Professor Turner is further involved in various educational and information initiatives. One of them is a project called ‘Patient View’, which allows patients to see their blood test results and access information on different conditions. Professor Turner emphasises the crucial role that patient groups have played in collaborating with scientists to move research forward. He was one of the founding members of a national charity and support group, Alport UK. He is working towards creating a patient network and registry to raise awareness of organ transplantation and to secure further funding for research into Alport Syndrome and other rare diseases.

Professor Neil Turner explains X-linked Alport Syndrome and autosomal recessive Alport Syndrome.

So the common type of Alport syndrome that everybody- well, let's say every medical student is supposed to know - [laugh] is, affects young men. Because it's X-linked. Men have one X chromosome and one Y chromosome. So if they inherit an X chromosome with the Alport mutation on it, that's their only copy. They don't have another matching chromosome with a normal copy on it. So it's very easy to understand why they should get severe Alport syndrome. So they would typically begin to get protein in their urine in their teens. Maybe start losing their hearing some time during their teens. And then increasingly lose their kidney function in their late teens and into their twenties. And the average age at which patients like that used to get kidney failure was in their mid to late twenties. Fortunately that's now later, with ACE inhibitors. Now you can get exactly the same kind of, of Alport syndrome from two other genes, which aren't on the X chromosome. So there are three genes that can cause Alport syndrome. They're called collagen 4 - alpha 3, 4, and 5.So 5 is the one that's on the X chromosome, and 3 and 4 aren't. But if you have two abnormal copies of either the 3 or the 4 gene, you'll get exactly the same thing as a, a boy with X-linked Alports. Now it's very rare to inherit two abnormal copies of, of one of the other genes. So the majority of people that we see who are affected at a young age, are boys. But boys and girls could be equally affected by the other type. And it's thought that it might cause up to fifteen percent of typical Alport syndrome.
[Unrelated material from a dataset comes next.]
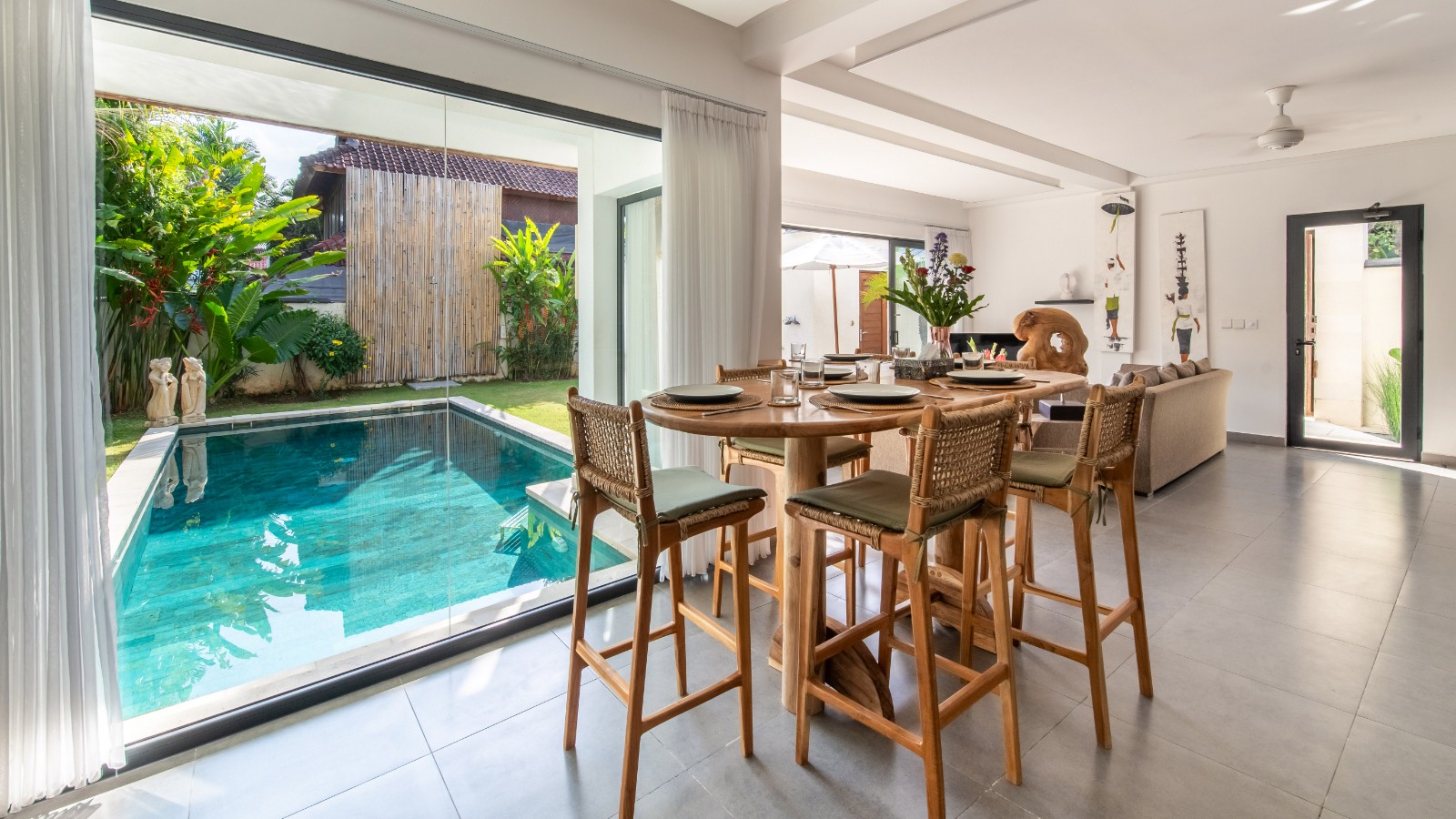 Villa Wiana is a contemporary luxury villa with an enviable, super central location in lively and fashionable Seminyak. The perfect holiday home in Bali for a family or a group of close friends. Featuring 3 air-conditioned bedrooms suites, an upper-floor entertainment area in addition to the living space and a sunny private tropical garden with a swimming pool, a stay at Villa Wiana is all about leisure, relaxation and fun. On top of that, the buzzing city centre and the lively beach of Seminyak, await just outside. Villa Wiana houses 3 villa suites, each air-conditioned and fitted with a romantic canopied king-size bed. The rooms are identical in their designs, ruled by chic red colours in the details, tasteful artwork and beautifully folded towels on the beds. Each room has its own private en-suite bathroom fitted with a luxurious rain shower, washbasin and WC. Villa Wiana features a lovely private sunny garden where in a refreshing swimming pool sparkles. In the garden grow leafy palm trees in the manicured green grass lawn. In the corner, there is a sun deck with reclining chairs and beanbags, great for sunbathing and sipping cocktails. The gazebo makes a nice shady spot to snooze a little in the daytime or to get pampered with a Balinese massage. The downstairs combined living and dining room enjoys direct pool access when all of the floor-to-ceiling glass doors are opened up the garden. It creates a wonderful, tropical open-plan living space for those who like to experience the exotic lifestyle. On one side of the living area, there are 3 round-shaped rattan relax chairs placed around a coffee table. This is a nice place to sit alone or with friends, reading a book, enjoying the garden view or watching some television. On the other side stands a gorgeous teak wooden-carved dining table for 10 guests to enjoy some good wine and food together and in the back, there is a fully-equipped western kitchen for you comfort and convenience. Upstairs, there is a whole second living room designed for your entertainment. Come up here to play a game of billiard or get comfy on one of the sofas, facing a huge flat-screen TV for an in-house cinema experience. The location of Villa Wiana is just perfect. Tucked away in the quiet gangs in the Drupadi area of Seminyak, Double Six Beach and all of its sunset beach bars are just a short stroll away. There are lots of local cafes, spas and shops around. If you feel like splurging, the chic and trendy Oberoi district of Seminyak, home to the famous Eat Street and KU DE TA beach club, is also within walking distance of the villa.

Professor Neil Turner explains what autosomal dominant is and why there is some debate about its name.

So autosomal dominant means that you have one copy of the abnormal gene, but you get disease. It's slightly controversial whether we should be calling it autosomal dominant, because many people with one abnormal copy, probably most people with one abnormal copy don't get severe kidney disease in their lifetime. But some do. And in some families that seems to be more common. And in those families it's sometimes been called autosomal dominant. Other people say, "Actually you should just call these people unlucky carriers." It means the same thing. So they have one abnormal copy, and they get kidney disease. Usually much later in life. And often without the hearing loss, or at least without the severe hearing loss that patients with typical Alport syndrome get.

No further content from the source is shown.